Since government can hardly be counted on to hold itself to account – pray what do you expect from a Lai Mohammed or Femi Adeshina with regards to the government that they are part of! it is the duty, not of opposition, (this is a responsibility too big for opposition alone). It is the citizen’s bounden and immutable duty to hold government to account every day. In time past, the press could be counted on to do this job and so help with agenda setting for the simple citizen. But for a long time the Nigerian press, having been induced by well calculated incursions from government and its allies lost their independence, until now it’s become impossible to close their eyes to the malfeasance that’s threatening to swallow us all.
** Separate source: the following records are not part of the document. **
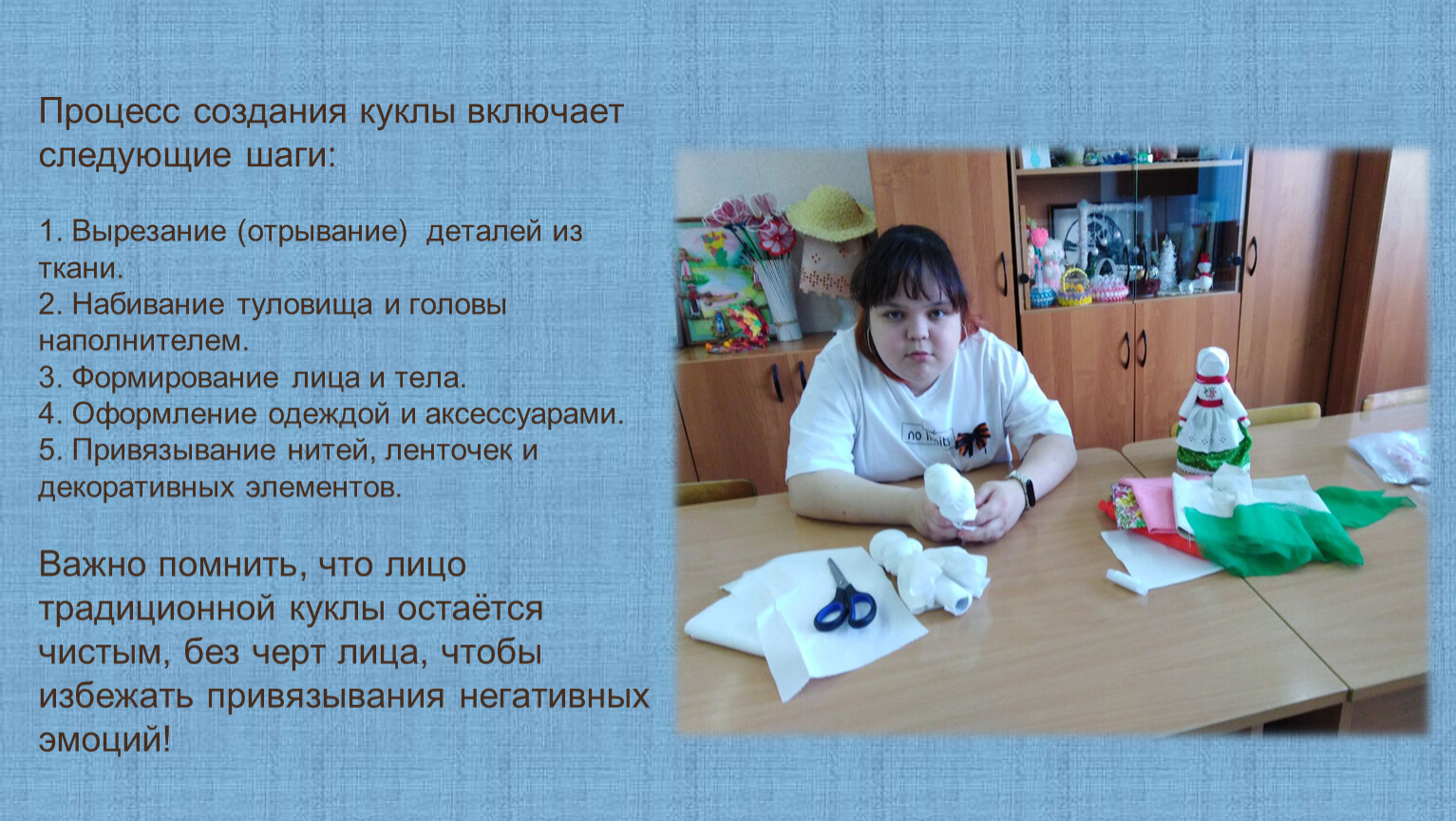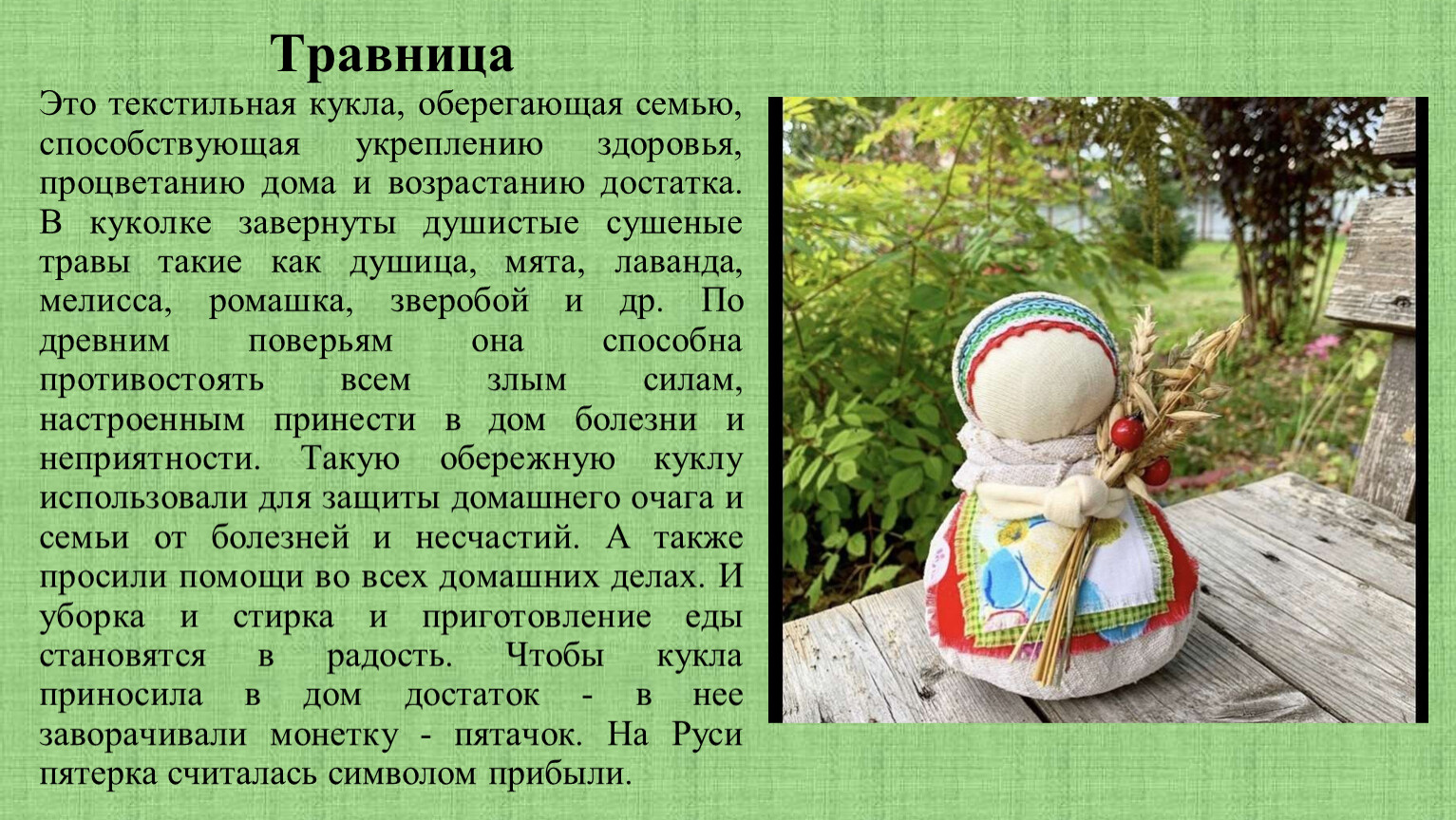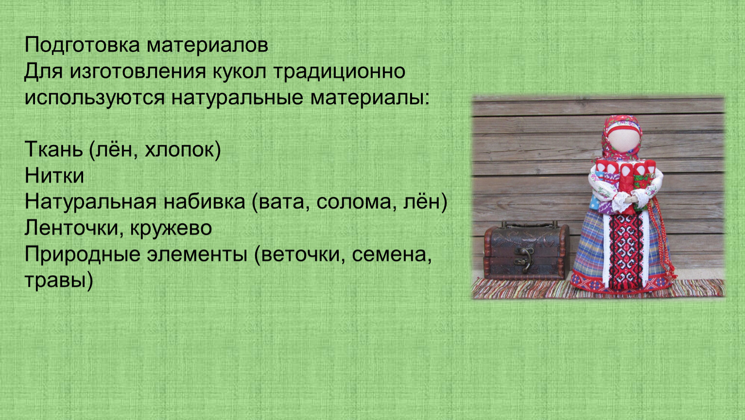 - Ознакомление с традиционными техниками изготовления кукол и материалами, используемыми в народной культуре.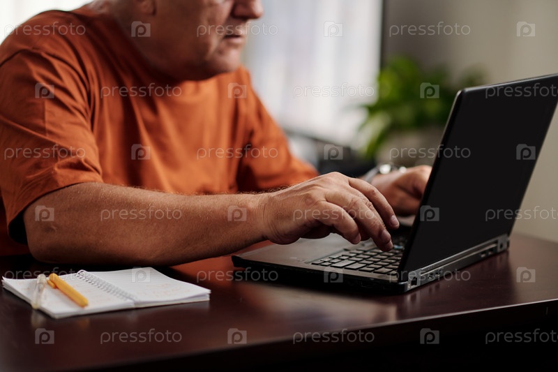 Пожилой мужчина работает на ноутбуке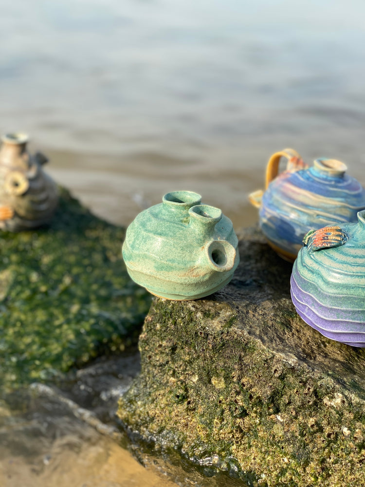 A collect of different variety of 'Seaheart Vessels'. All usually that fits the palm of you hands and looks like they were treasures of the ocean. Some pieces varies more earthy looks and some are the classic greens of the original Seaheart colour.

It is self-evident that there’s a lack of capacity to manage the most rudimentary functions of government – provision of security for citizens and the basic necessities that guarantee a modicum of civilized living. So now citizens are up in arms. It’s gotten to the point where ordinary folks from the core North came out to voice their apprehension per the direction of the country. They said unprintable things with regards to the current administration. But that is as it should be. Government needs to hear stuff.

The job of government is to listen. It does not make it a weak government. It just gives those who populate government an idea of the people’s thinking and concerns. Citizens will curse out the American government despite the high standard of living in that country. EU citizens routinely blast the EU for what they think shortcomings of a government they do not exactly consider representative of their demands. Boris Johnson – with his flailing mop – is always in the eye of the storm. Regular folks abuse him and his policies every day.

Nothing aberrant there. That’s how democracy works. Boris is stalwart enough to not abuse right back or have those citizens hauled into jail or worse. Which is unlike when Lai Mohammed’s penchant to spends all his energy demonizing ENDSARS when he cannot provide any answer to the demands of the young Nigerians who suffer the brunt of joblessness, police brutality, hopelessness, and an uncertain future. All he does is to spit on the graves of those he claimed never died.

That is not governance. The power, at the end of the day still resides in the people. And any government worth its salt needs never forget that, because it’s only in remembering that, that democracy, flaws and all, continues to flourish, and leaves no room to those who would rather other kinds of government that are more alienating of the views and noise (and sometimes nonsense) and demands of the greater majority.